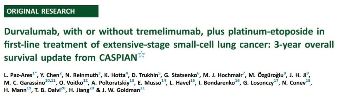 CASPIAN研究奠定了免疫检查点抑制剂联合化疗在广泛期小细胞肺癌一线治疗中的标准治疗地位,结束了这部分患者近30年治疗选择无更新的现状。由于免疫治疗具有长生存的特点,因此患者长期生存结果令人期待。近期,CASPIAN研究更新了其随访3年后的数据[1]。由于目前两款针对PD-L1及PD-1的免疫治疗均有相关的研究数据公布,本文借此对免疫一线治疗这部分患者的数据进行总结。
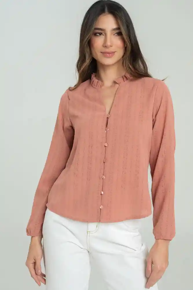 Camisa en tejido plano fondo entero con una textura especial, cuello con ruche en la misma tela, escote en V en la parte delantera, botonado en centro frente con botones de pata tono a tono, manga larga con puño resortado con elástico de 1cms.
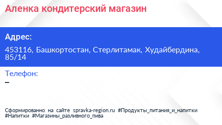 Аленка, кондитерский магазин по адресу 453116, Башкортостан, Стерлитамак, Худайбердина, 85/14 в дальнейшем Организация, размещена в следующих категориях:
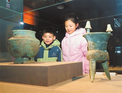 图③ 1月3日,学生在南阳市博物馆文物展厅参观。高嵩 摄
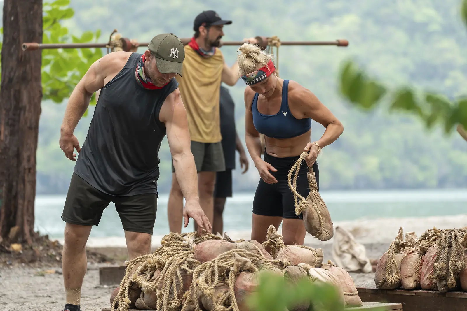 Selviytyjissä siirryttiin yksilökisaan. Rami ja Kipa saivat ääniä heimoneuvostossa, kun vahvat kisaajat haluttiin ulos. Kipa tippui täpärästi, kuvassa takana jo aiemmin kisasta pudotettu Gogi. Kuva: Nelonen

#### WHAT IS NEEDED:
Of the lines above, copy only those from the one holding "Аленка, кондитерский магазин" to the one holding "图③ 1月3日,学生在南阳市博物馆文物展厅参观。高嵩 摄", both included, and exclude every image.

#### ANSWER:
 Аленка, кондитерский магазин по адресу 453116, Башкортостан, Стерлитамак, Худайбердина, 85/14 в дальнейшем Организация, размещена в следующих категориях:
 图③ 1月3日,学生在南阳市博物馆文物展厅参观。高嵩 摄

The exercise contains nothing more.